YOUR INSTRUCTIONS: Your copy should match the listing word for word, apart from the pictures, which are left out.

SUPPLIED DATA:
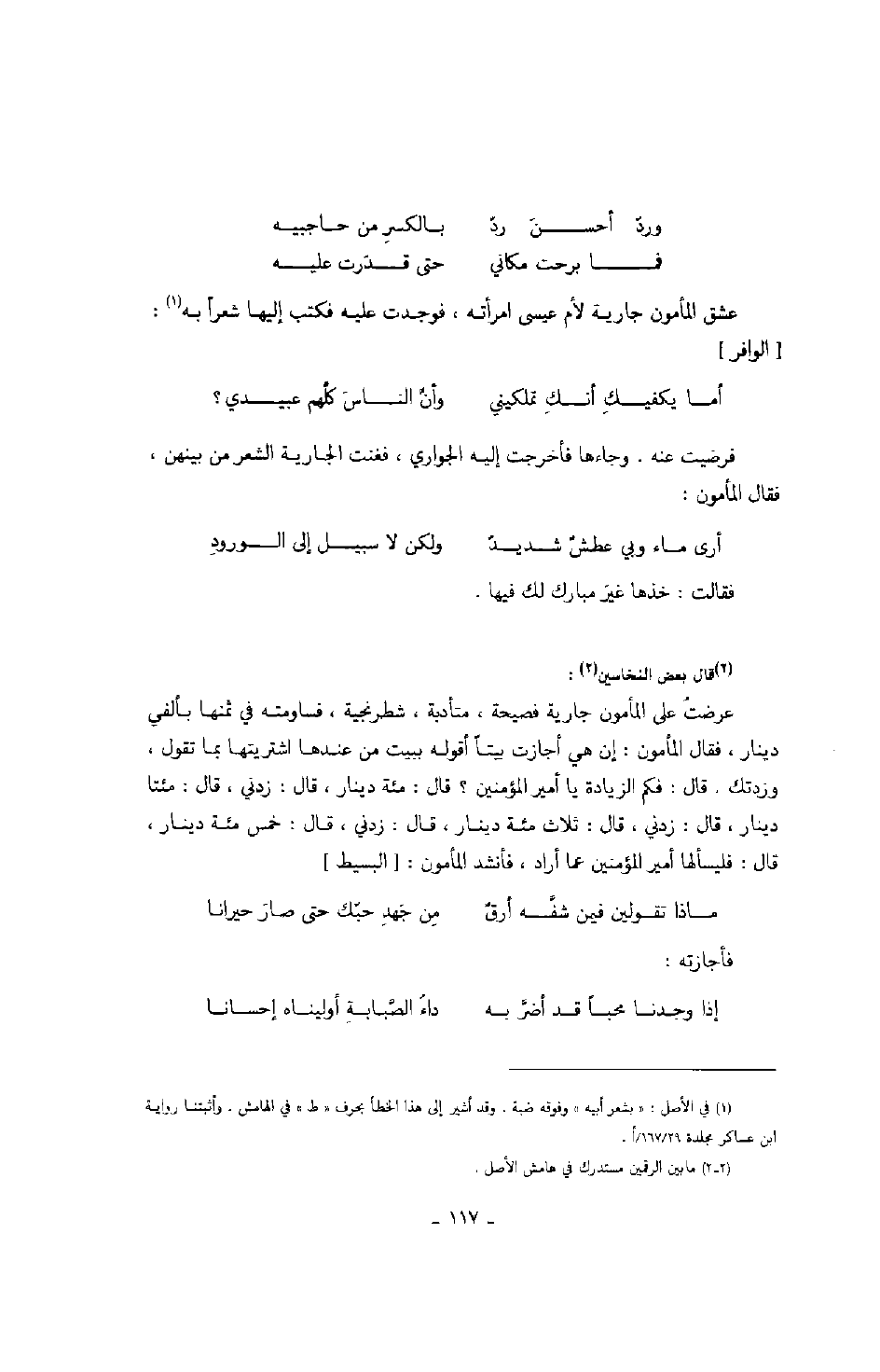 عشق المأمون جارية لأم عيسى امرأته، فوجدت عليه فكتب إليها شعراً به: الوافر
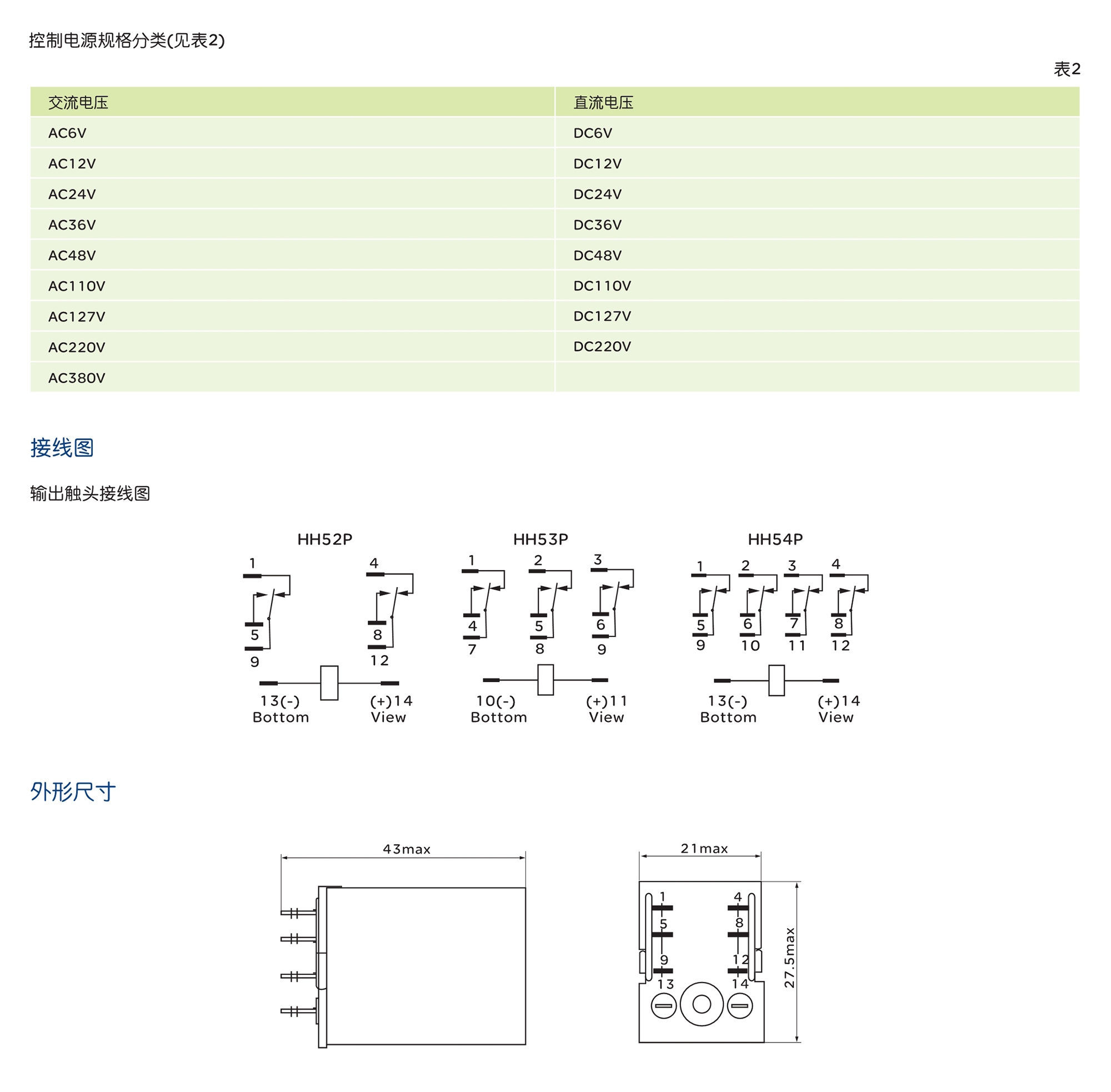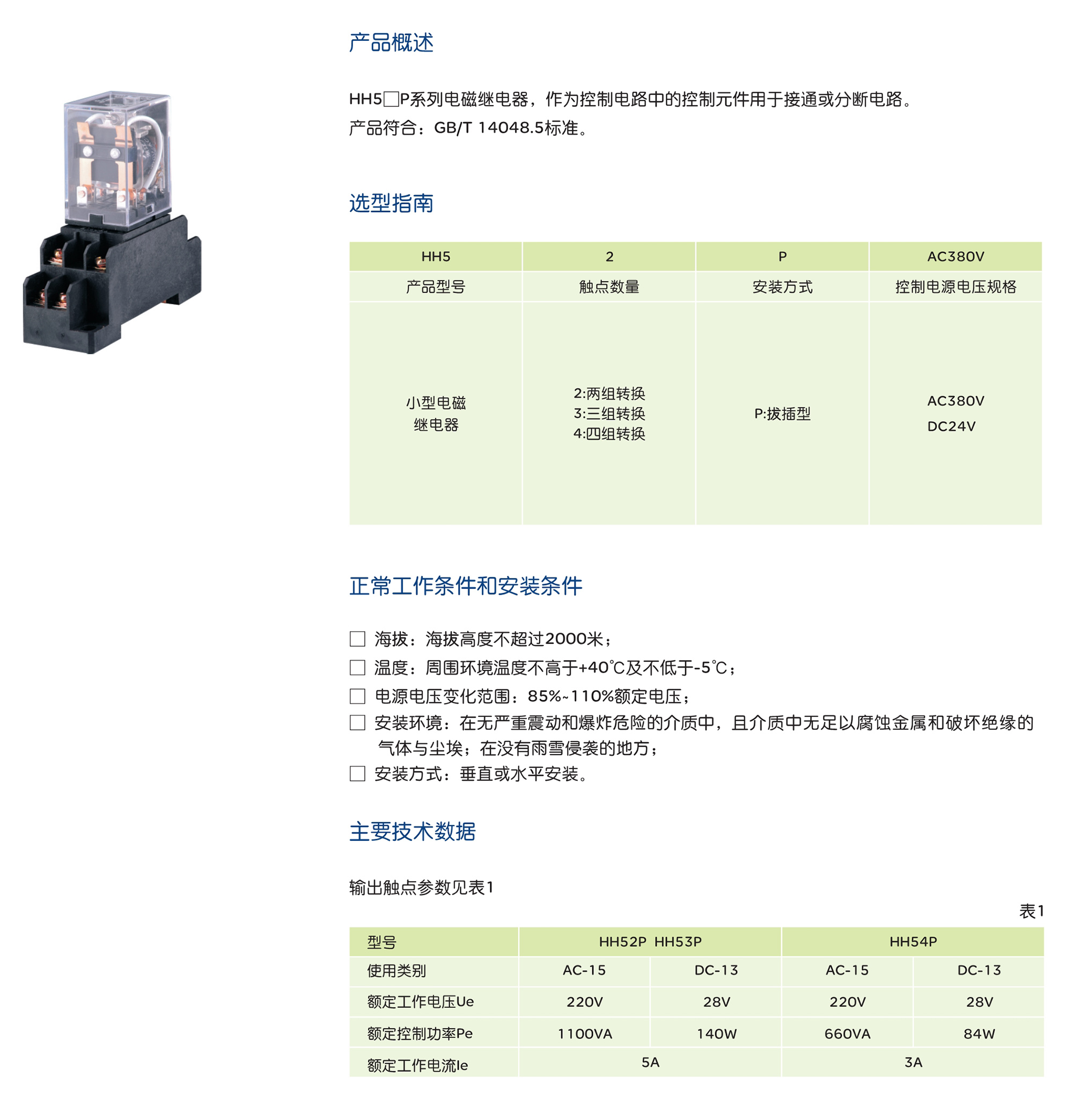 HH5□P系列电磁继电器,作为控制电路中的控制元件用于接通或分断电路。产品符合:GB/T 14048.5标准。
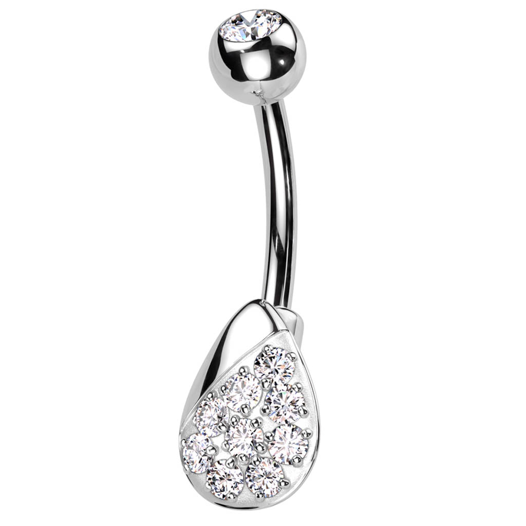Your belly button piercing will always sparkle when you wear this crystal filled button bar! This durable surgical steel curved barbell holds a dangling droplet shaped charm, filled with tiny sparkling crystals!

RESULT OF THIS EXERCISE:
 عشق المأمون جارية لأم عيسى امرأته، فوجدت عليه فكتب إليها شعراً به: الوافر
 HH5□P系列电磁继电器,作为控制电路中的控制元件用于接通或分断电路。产品符合:GB/T 14048.5标准。
Your belly button piercing will always sparkle when you wear this crystal filled button bar! This durable surgical steel curved barbell holds a dangling droplet shaped charm, filled with tiny sparkling crystals!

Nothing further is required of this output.